(Beginning of RECORDS TO PROCESS)

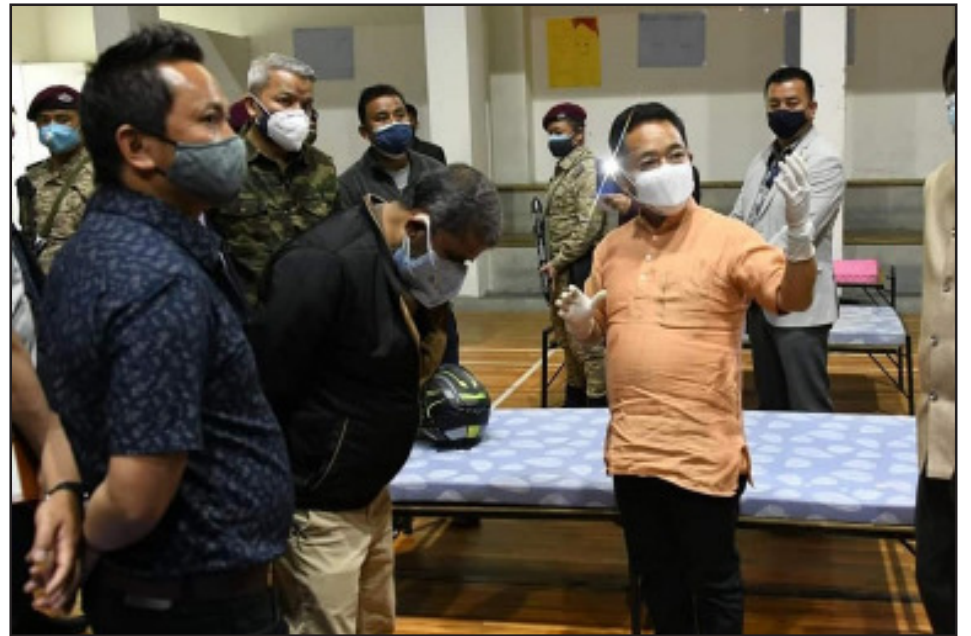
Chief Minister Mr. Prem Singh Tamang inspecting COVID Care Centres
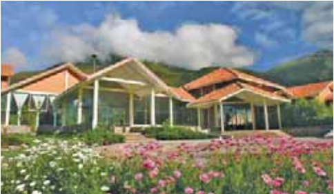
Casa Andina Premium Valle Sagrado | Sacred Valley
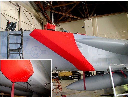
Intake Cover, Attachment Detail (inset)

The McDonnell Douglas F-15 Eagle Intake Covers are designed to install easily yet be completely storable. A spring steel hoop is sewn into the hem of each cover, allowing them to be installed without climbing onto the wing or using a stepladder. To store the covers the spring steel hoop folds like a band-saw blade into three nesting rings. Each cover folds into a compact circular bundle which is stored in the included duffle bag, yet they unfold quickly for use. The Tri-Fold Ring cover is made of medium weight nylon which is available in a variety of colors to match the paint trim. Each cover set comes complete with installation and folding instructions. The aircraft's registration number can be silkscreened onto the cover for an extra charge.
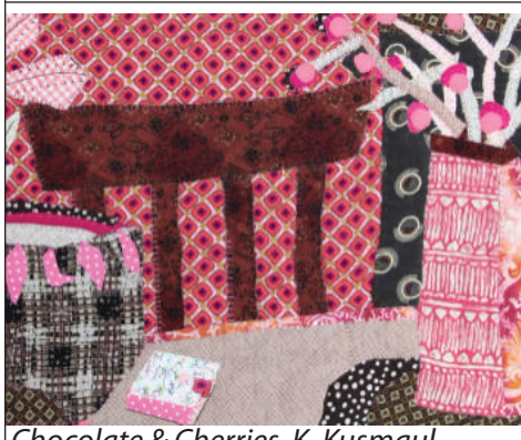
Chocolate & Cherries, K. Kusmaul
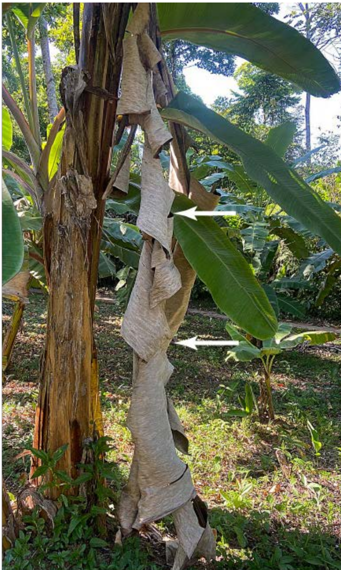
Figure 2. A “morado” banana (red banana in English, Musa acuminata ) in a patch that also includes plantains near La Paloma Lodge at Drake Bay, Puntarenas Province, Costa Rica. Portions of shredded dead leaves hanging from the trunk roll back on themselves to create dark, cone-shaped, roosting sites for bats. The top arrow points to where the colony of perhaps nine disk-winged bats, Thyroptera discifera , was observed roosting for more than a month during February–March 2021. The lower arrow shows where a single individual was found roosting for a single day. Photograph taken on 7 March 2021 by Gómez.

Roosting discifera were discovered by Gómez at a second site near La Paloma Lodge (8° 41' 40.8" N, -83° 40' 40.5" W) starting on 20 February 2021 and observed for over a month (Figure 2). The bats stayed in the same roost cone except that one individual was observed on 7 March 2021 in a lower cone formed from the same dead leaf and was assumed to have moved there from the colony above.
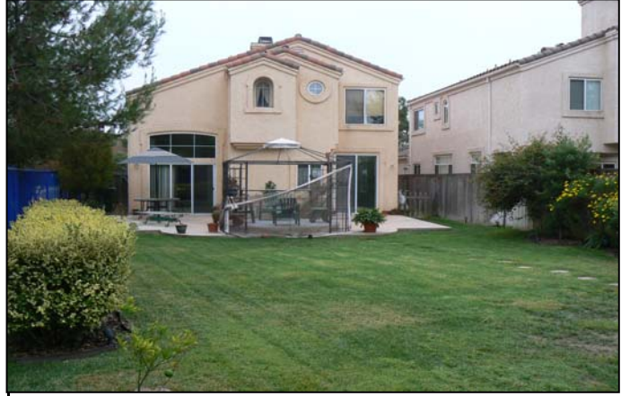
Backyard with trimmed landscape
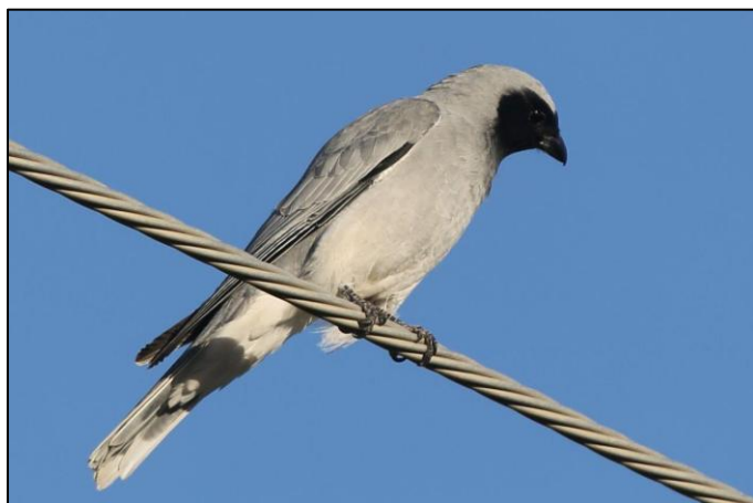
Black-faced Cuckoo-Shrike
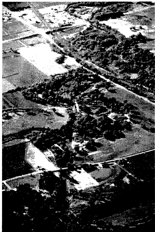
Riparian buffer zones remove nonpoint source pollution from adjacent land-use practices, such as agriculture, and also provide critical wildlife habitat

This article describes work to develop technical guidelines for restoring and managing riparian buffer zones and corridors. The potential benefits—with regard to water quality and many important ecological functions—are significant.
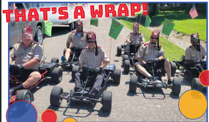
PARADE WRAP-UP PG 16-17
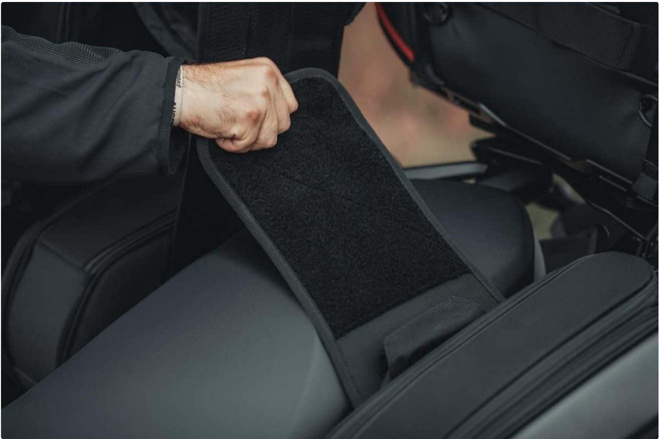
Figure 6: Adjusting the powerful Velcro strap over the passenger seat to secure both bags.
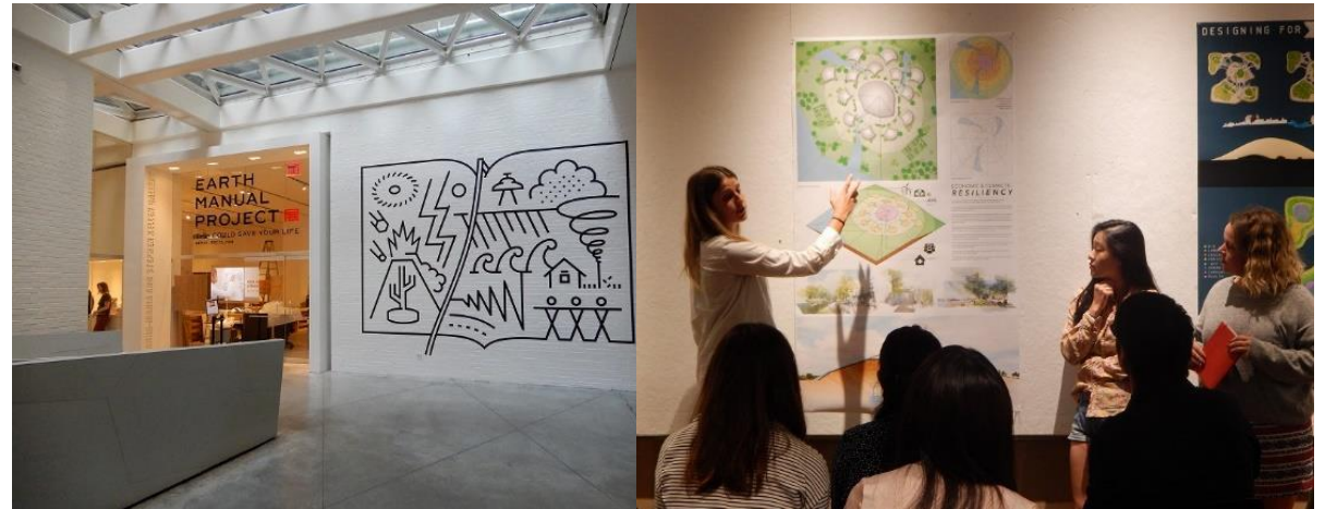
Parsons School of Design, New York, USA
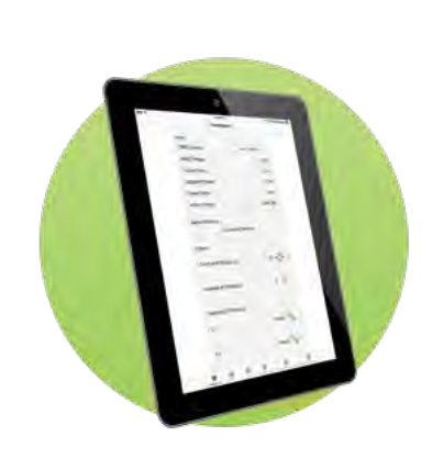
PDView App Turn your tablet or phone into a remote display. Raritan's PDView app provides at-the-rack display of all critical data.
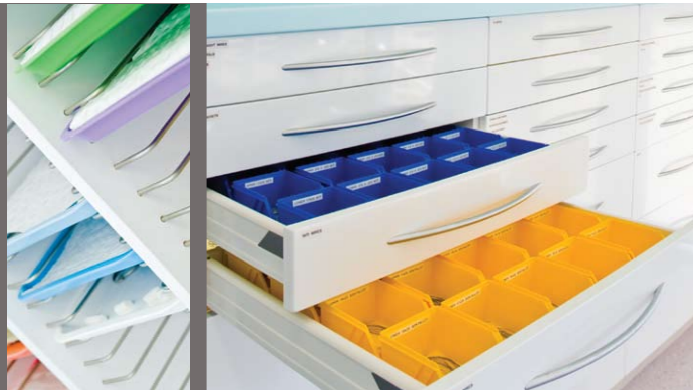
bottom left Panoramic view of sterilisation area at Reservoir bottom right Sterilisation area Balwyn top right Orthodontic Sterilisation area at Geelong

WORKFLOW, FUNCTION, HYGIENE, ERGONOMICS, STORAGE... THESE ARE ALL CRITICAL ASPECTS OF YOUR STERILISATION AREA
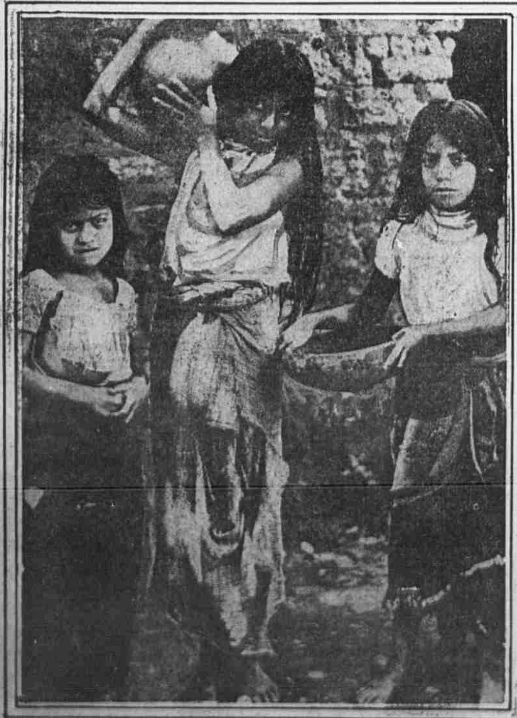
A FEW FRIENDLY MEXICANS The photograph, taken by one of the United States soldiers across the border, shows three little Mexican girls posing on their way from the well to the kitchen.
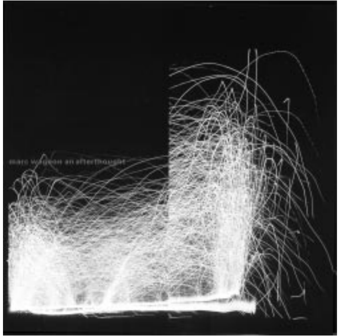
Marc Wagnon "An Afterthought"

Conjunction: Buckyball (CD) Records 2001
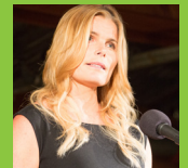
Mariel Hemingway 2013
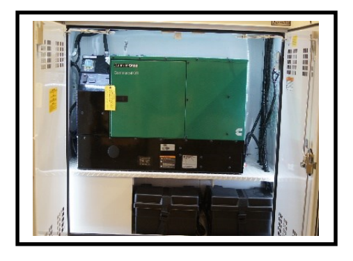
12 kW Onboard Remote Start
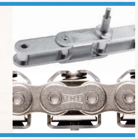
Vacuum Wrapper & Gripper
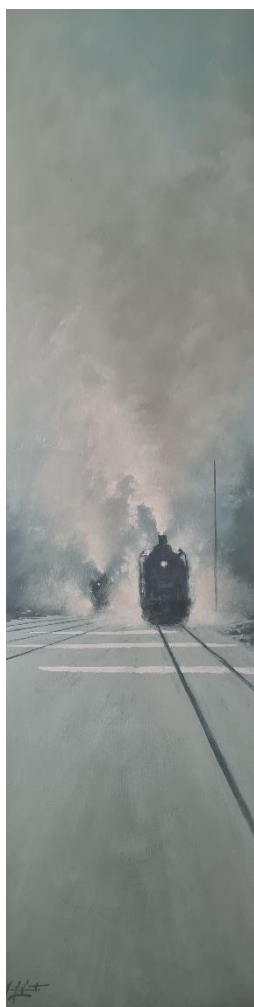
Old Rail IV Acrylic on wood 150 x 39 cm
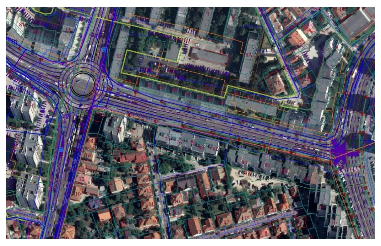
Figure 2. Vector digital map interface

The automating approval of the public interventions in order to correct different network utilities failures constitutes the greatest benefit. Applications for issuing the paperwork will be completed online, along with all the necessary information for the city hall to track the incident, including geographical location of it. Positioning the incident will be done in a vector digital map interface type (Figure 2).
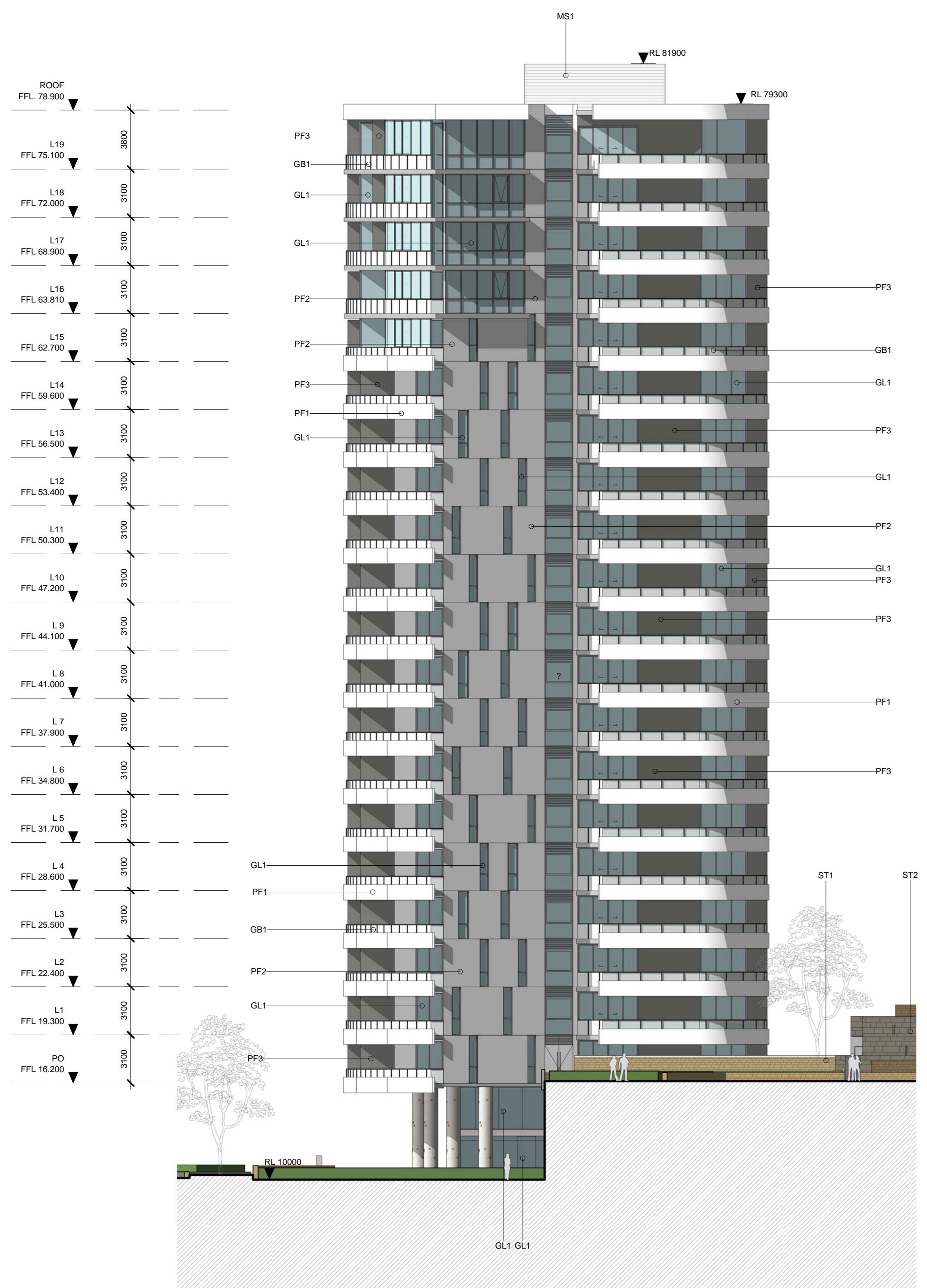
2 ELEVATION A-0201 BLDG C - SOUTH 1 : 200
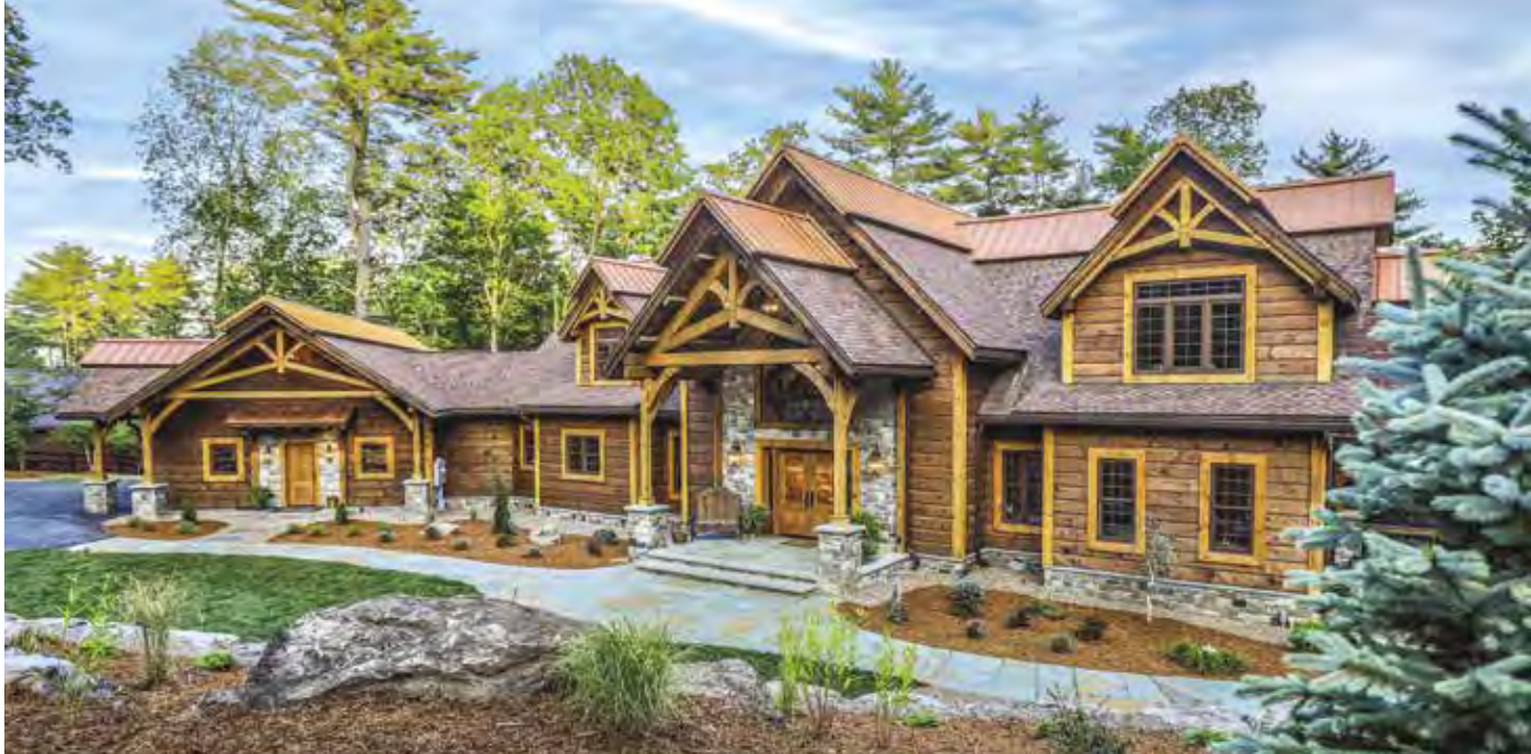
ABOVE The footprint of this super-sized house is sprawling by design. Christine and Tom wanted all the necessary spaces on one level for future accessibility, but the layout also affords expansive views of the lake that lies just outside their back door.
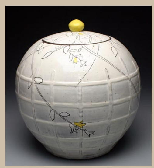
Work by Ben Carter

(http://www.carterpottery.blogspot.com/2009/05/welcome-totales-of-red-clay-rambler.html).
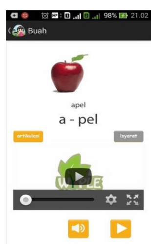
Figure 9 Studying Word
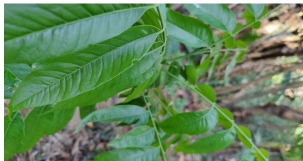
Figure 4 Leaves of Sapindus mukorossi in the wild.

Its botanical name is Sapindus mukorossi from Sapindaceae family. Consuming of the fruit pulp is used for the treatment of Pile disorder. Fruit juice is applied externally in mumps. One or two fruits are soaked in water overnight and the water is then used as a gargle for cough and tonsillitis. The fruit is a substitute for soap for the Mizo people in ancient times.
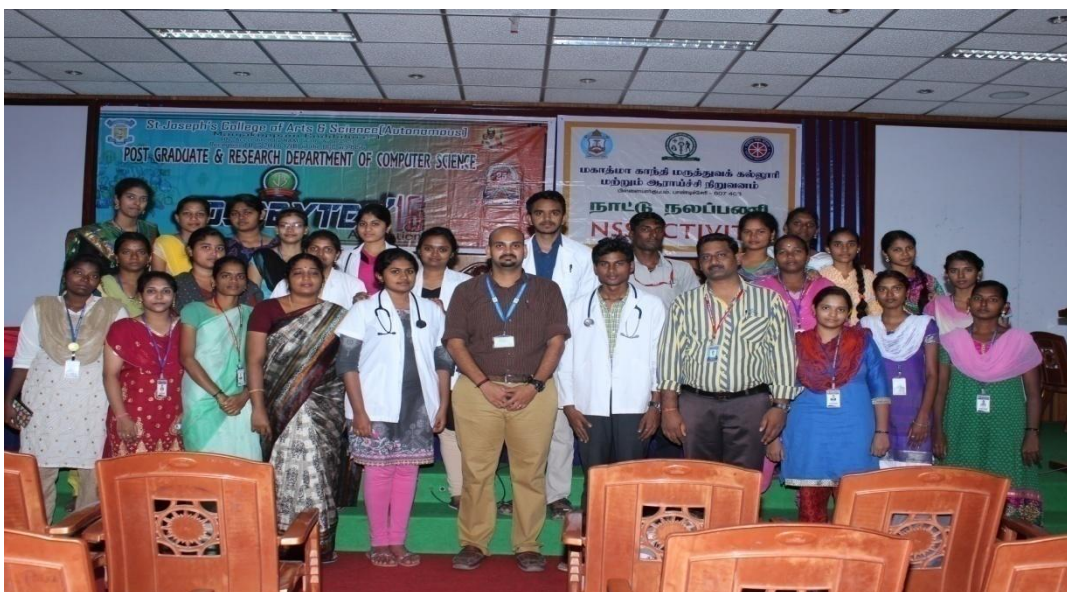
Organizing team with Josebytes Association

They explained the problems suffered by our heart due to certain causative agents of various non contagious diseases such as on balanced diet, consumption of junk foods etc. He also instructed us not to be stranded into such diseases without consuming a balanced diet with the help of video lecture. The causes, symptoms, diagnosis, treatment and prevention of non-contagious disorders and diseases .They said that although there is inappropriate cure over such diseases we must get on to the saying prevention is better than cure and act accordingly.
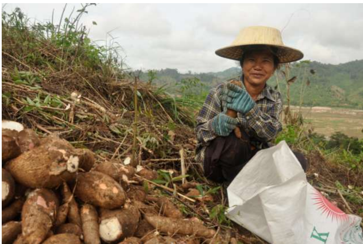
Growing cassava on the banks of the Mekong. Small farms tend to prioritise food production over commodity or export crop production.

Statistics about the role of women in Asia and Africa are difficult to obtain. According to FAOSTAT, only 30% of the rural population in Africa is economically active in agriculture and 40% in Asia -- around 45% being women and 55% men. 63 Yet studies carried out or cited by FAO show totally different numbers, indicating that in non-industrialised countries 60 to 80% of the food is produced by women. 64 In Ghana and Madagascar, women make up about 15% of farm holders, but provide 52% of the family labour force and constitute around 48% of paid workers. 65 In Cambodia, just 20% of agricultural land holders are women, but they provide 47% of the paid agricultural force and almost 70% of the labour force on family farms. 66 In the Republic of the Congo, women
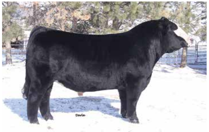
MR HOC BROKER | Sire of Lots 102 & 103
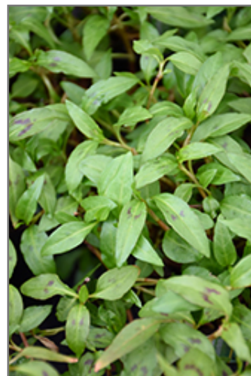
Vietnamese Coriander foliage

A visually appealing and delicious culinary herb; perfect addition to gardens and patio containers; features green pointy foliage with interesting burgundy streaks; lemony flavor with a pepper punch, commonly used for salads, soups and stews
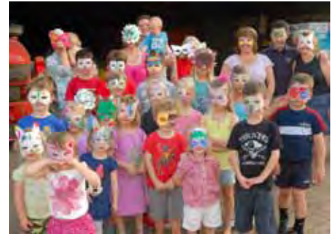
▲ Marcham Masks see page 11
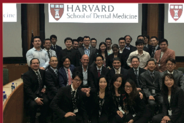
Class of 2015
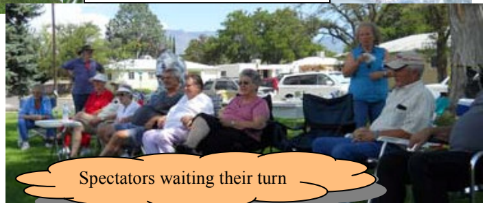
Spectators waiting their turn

(End of RECORDS TO PROCESS)

→ **WHAT YOU ARE ASKED TO DO**:
Because only one stretch of the records is wanted, please output the lines from the one holding "Figure 9 Studying Word" through the one holding "Figure 4 Leaves" exactly, both included, and leave every picture out.

→ **SOLUTION TO THIS PROBLEM**:
Figure 9 Studying Word
Figure 4 Leaves of Sapindus mukorossi in the wild.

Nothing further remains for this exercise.